Pour son étude, l’étudiante en ethnologie de l’Université Laval a suivi le déroulement de six d’entre eux dans la région des Cantons-de-l’Est. Familière de ce type de festivités, elle a découvert qu’il s’agit surtout de souligner le passage du couple au statut de famille.

La maman au centre de l’attention

Dérivé de «to show» (montrer), le shower permet aux amis et à la famille de venir constater l’état de la future maman. C’est aussi le prétexte pour arroser (de shower = douche) le jeune couple, mais surtout la maman, de présents.

Car tout au long de la journée, la maman sera au centre des célébrations. Placée littéralement devant les invités, toutes les attentions se dirigeront majoritairement vers son ventre rebondi.

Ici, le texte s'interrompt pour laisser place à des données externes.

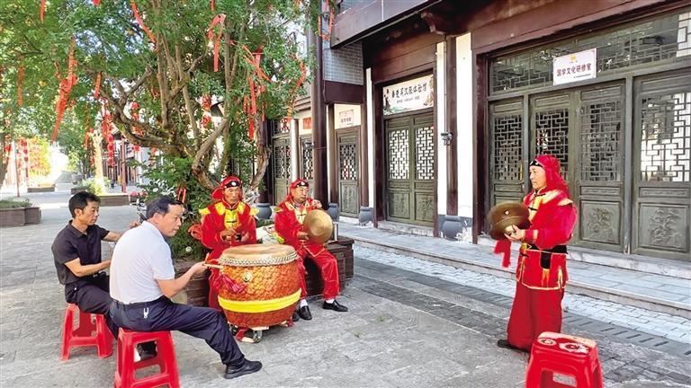 8月1日9時,陜西省安康市平利縣長安鎮(zhèn)文共體分中心前的廣場上鑼鼓震天,熱鬧非凡。平利縣安之美文化傳媒有限公司負(fù)責(zé)人劉海和帶領(lǐng)幾名村民排練花鼓戲,贏得現(xiàn)場觀眾陣陣掌聲。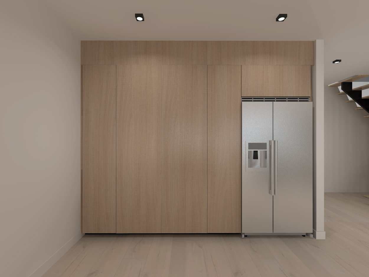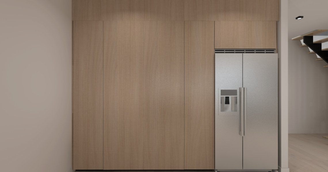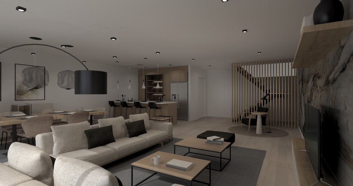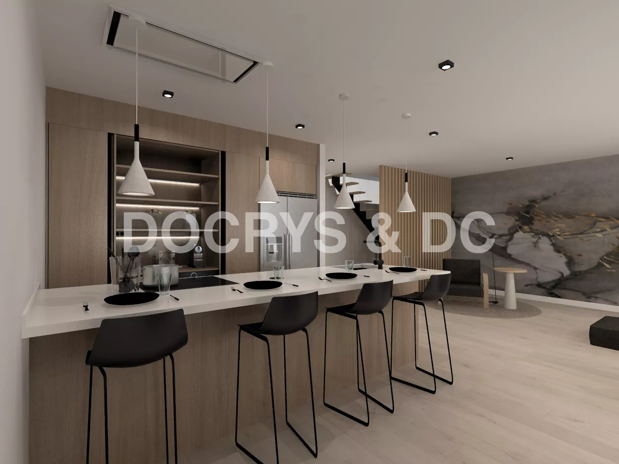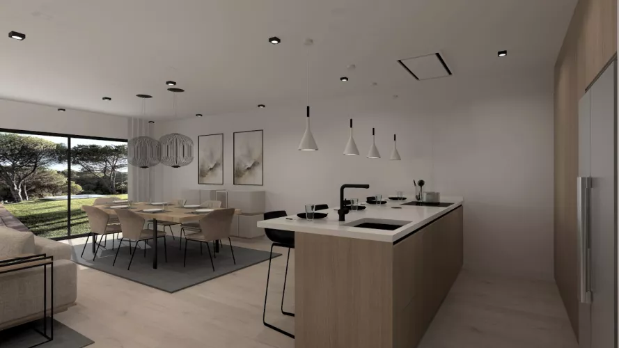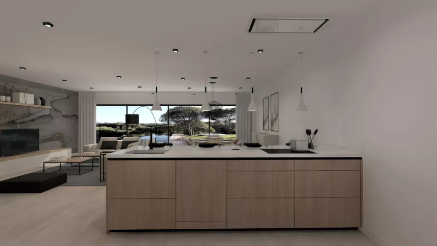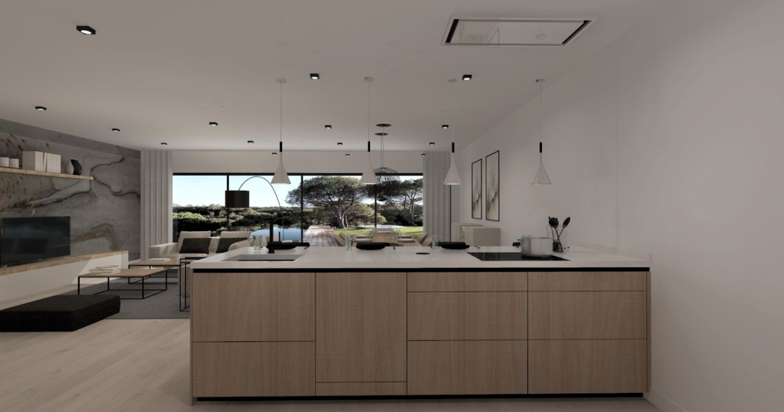 Esta cocina abierta al salón de color roble kairos, se integra perfectamente con el resto de la zona baja de la vivienda creando un espacio funcional y práctico.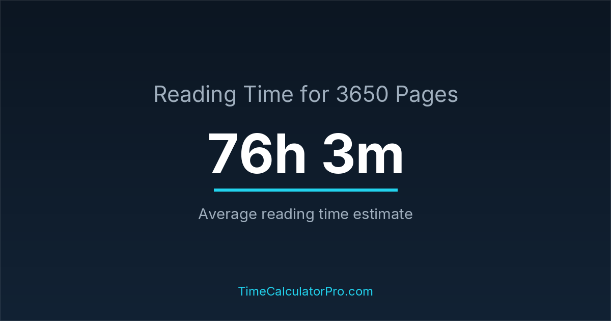 Reading 3650 pages takes about 76 hours and 3 minutes.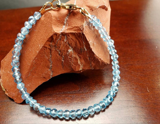 Blue Topaz 4mm Faceted Bracelet in 14k Gold Filled lobster Clasp and findings, Chakra, December Birthstone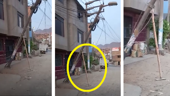 En el pasaje los Tulipanes del distrito de Independencia, un poste de alumbrado público estaría siendo sostenido por un palo de madera, para evitar que se caiga.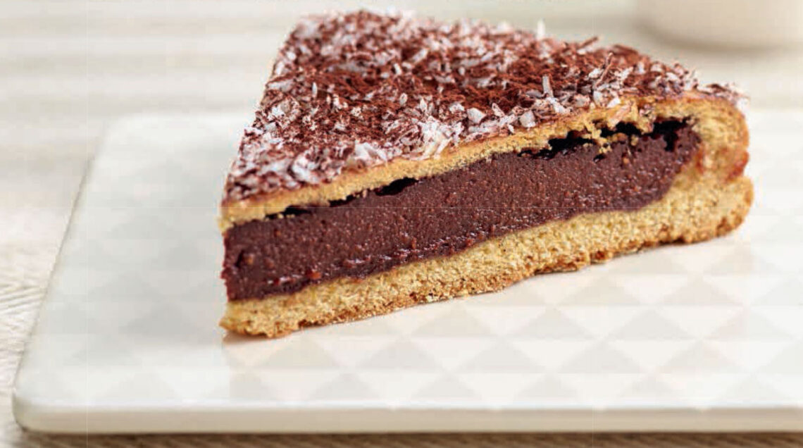 3) Dividi l'impasto in due parti (2/3 e 1/3). Stendi la più grande a 2 mm di spessore e trasferiscila in uno stampo (circa 28 cm) oliato e infarinato. Versa la crema di cacao, stendi la pasta rimasta, copri il ripieno e sigilla. Bucherella con una forchetta e inforna a 200° C per 20 minuti.

«C’est très émouvant, on reçoit beaucoup d’amour en même temps. Tout le monde s’occupe de nous, on a un peu l’impression de retomber en enfance», confie la jeune femme qui a fait l’objet d’une telle célébration en février dernier, quelques mois avant la naissance de son premier bébé.

Cadeaux pour bébés

D’une durée d’environ trois heures, le shower de bébé démarre par l’accueil et les remerciements aux invités et se poursuit par différentes activités (jeux, devinettes, etc.) pour culminer avec le déballage de cadeaux. Car impossible d’imaginer un shower sans cadeaux. «C’est l’élément central», convient Mandoline Langlois.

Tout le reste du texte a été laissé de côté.